P. Toon: Immer wieder du

Wie man auf einen Heiratsantrag reagieren soll? Bestenfalls wohl mit einem Ja. Lilys Gedanken jedoch sind erst einmal woanders: und zwar in ihrer Vergangenheit, bei einem Ereignis, das bereits zehn Jahre her ist.

Toon

Die Story

Die ist eigentlich schnell erzählt: Mädchen trifft Junge, jedoch gibt es zu viele Umstände, die ein Happy End ausschließen, nicht zuletzt der etwas größere Altersunterschied.  Jahre später kann Lily Ben immer noch nicht vergessen. Mittlerweile ist sie jedoch mit Richard verlobt. Doch wie es der Zufall so will, trifft sie wieder auf Ben. Und schon beginnt das Gefühlschaos.

Die Autorin

Paige Toons erster Roman war „Lucy in the Sky“, dann folgten „Du bist mein Stern“, „Einmal rund ums Glück“. Mittlerweile hat sie einige mehr veröffentlicht, darunter auch „Ohne dich fehlt mir was“ und „Sommer für immer“. Das Besondere an ihren Büchern: Die Protagonisten sind miteinander verknüpft und so stößt man auf den ein oder anderen Namen – wenn auch nur in einer Nebenrolle – immer wieder. Von manchen Büchern gibt es auch Fortsetzungen, wie beispielsweise von „Du bist mein Stern“.

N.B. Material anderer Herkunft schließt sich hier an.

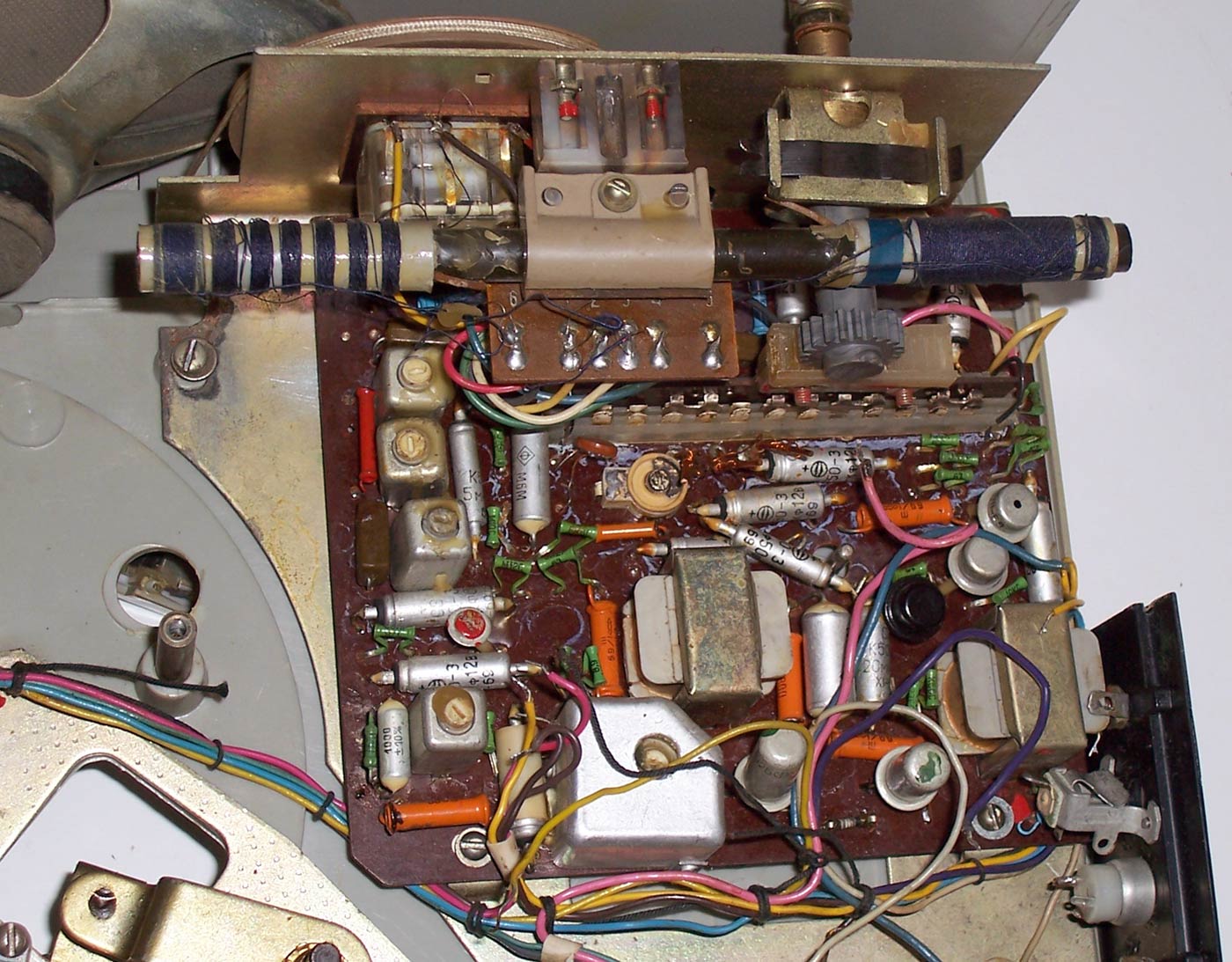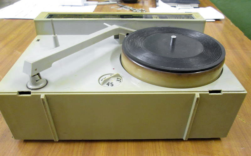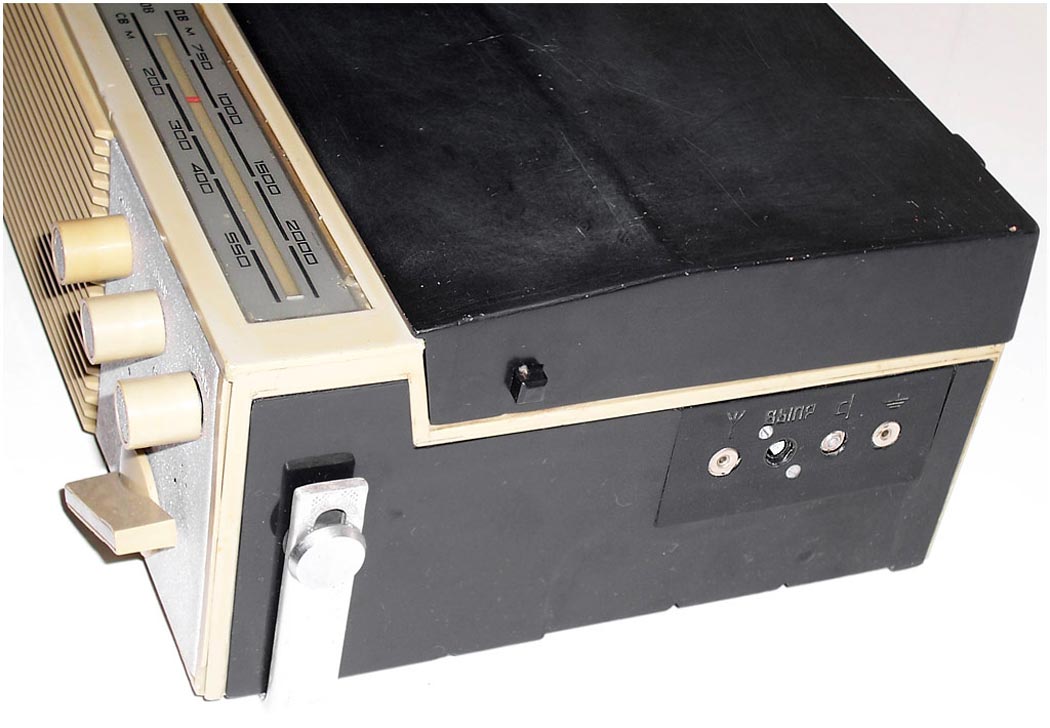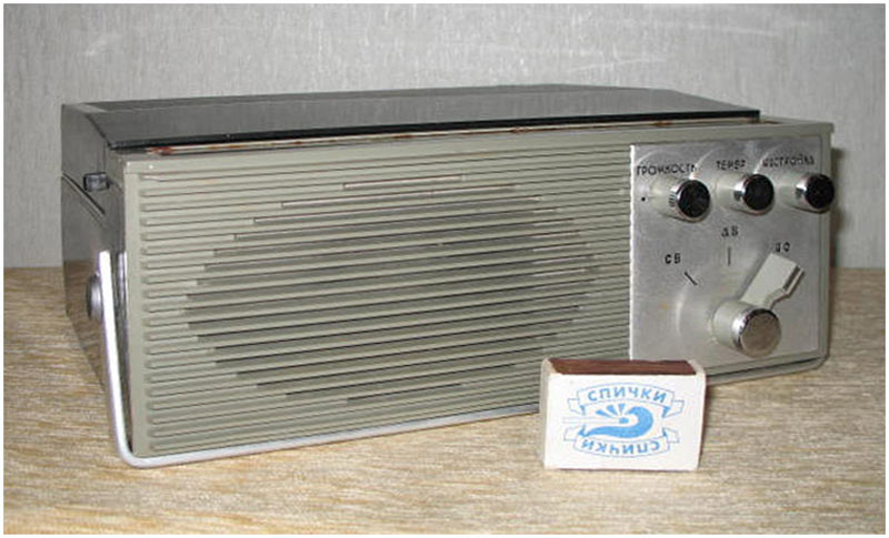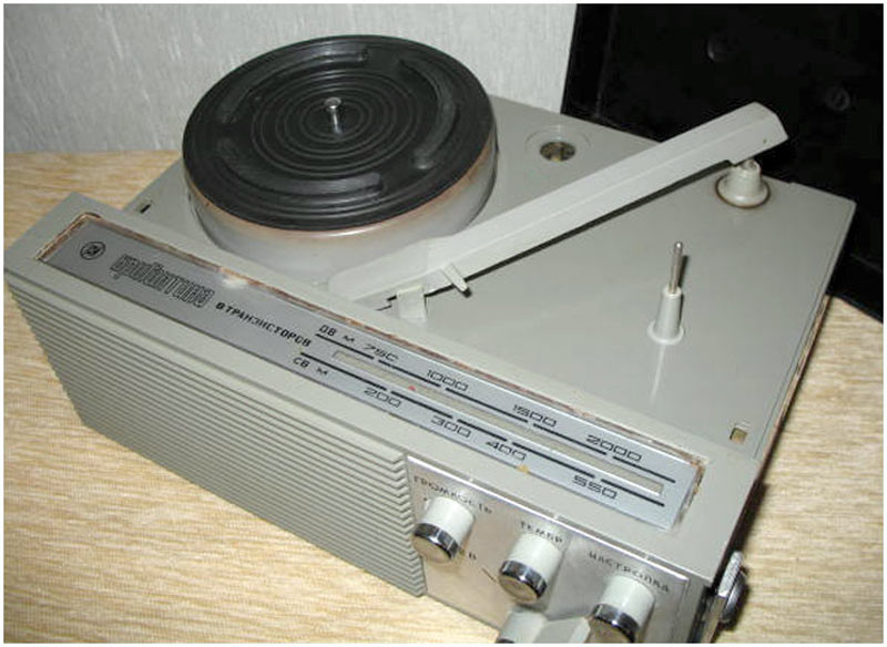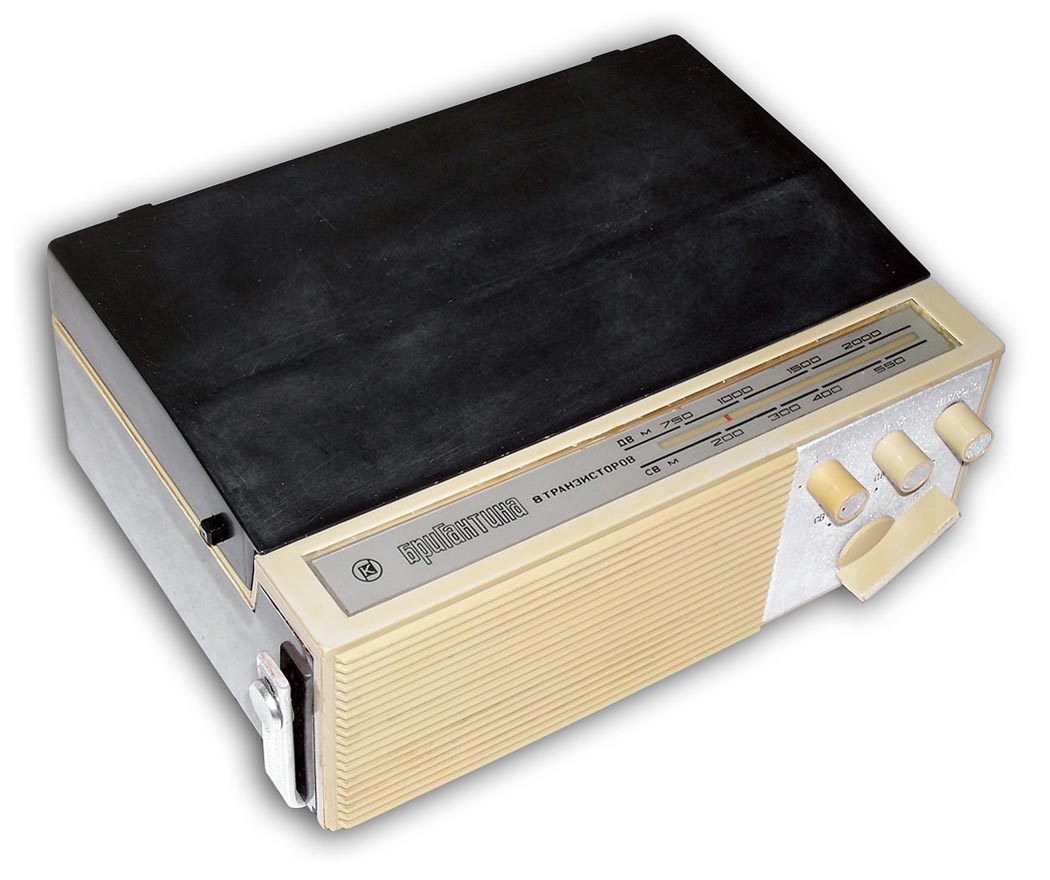 Портативная радиола *Бригантина* с 1969 года выпускалась Кыштымский радиозаводом. Радиола **Бригантина** - одна из немногих портативных транзисторных радиол выпущенных отечественной радиопромышленностью. Радиола предназначена для приёма радиовещательных станций в диапазонах длинных и средних волн на внутреннюю магнитную антенну и воспроизведения грампластинок на трёхскоростном ЭПУ. Радиола работает в автономном режиме от 6-ти батарей типа 373 и в стационарном, питаясь от сетевого выпрямителя. В 1970 году электрическая схема радиолы была модернизирована и в справочнике описан именно этот вариант. Чувствительность радиоприёмника радиолы в длинноволновом диапазоне не хуже 2,5 мВ/м, в средневолновом не хуже 1,5 мВ/м. Акустическая система радиолы состоит из одного громкоговорителя 1ГД-28. Полоса воспроизводимых звуковых частот при радиоприёме - 200...3500 Гц, а при воспроизведении грамзаписи - 200...7000 Гц. Номинальная выходная мощность усилителя - 0,5 Вт. Время работы радиолы от свежего комплекта батарей при ежедневном двухчасовом радиоприёме около 100 дней, при проигрывании грампластинок около 20 дней. В радиоле имеются гнёзда для подключения источника внешнего питания и головных телефонов. Габариты радиолы 310 х 230 х 122 мм, масса с батареями питания - 4,1 кг.

Wenn Toon über England, Australien und Amerika schreibt, weiß sie, wovon sie redet. Schließlich lebte sie als Kind dort. Und genau an diesen Orten spielen auch ihre Romane, die – wie sollte es in dieser Sparte anders sein – nicht allzu anspruchsvoll geschrieben sind. Es ist Unterhaltungsliteratur mit einer guten Portion Herzschmerz und Romantik. Nichtsdestotrotz unterhaltend und als leichte Lektüre zwischendurch gut geeignet.

Platter Plot?

Die australische Kulisse lässt einen regelrecht ins Träumen kommen. Das Buch ist flüssig lesbar. Doch mittendrin zieht Toon die Geschichte etwas unnötig in die Länge. Das eigentlich Romantische bleibt auf der Strecke und man hofft, dass es endlich besser wird. Ben soll endlich wieder erscheinen – und das nicht nur in Gedanken von Lily. Ein Aufeinandertreffen ist unausweichlich, was dann auch passiert. Es entsteht ein Hin und Her, wie das wohl immer so ist. Das Gefühlschaos schlägt zu, die Unentschlossenheit und der innere Kampf der Hauptprotagonistin werden verdeutlicht. Und dann – endlich – wird es wieder besser – sowohl für den Leser als auch für Lily. Mit dem Ende ist man zufrieden, auch wenn natürlich schon klar ist, wie die Geschichte aufhören wird. Dennoch ein schönes Buch für gemütliche Lesestunden oder als Urlaubslektüre.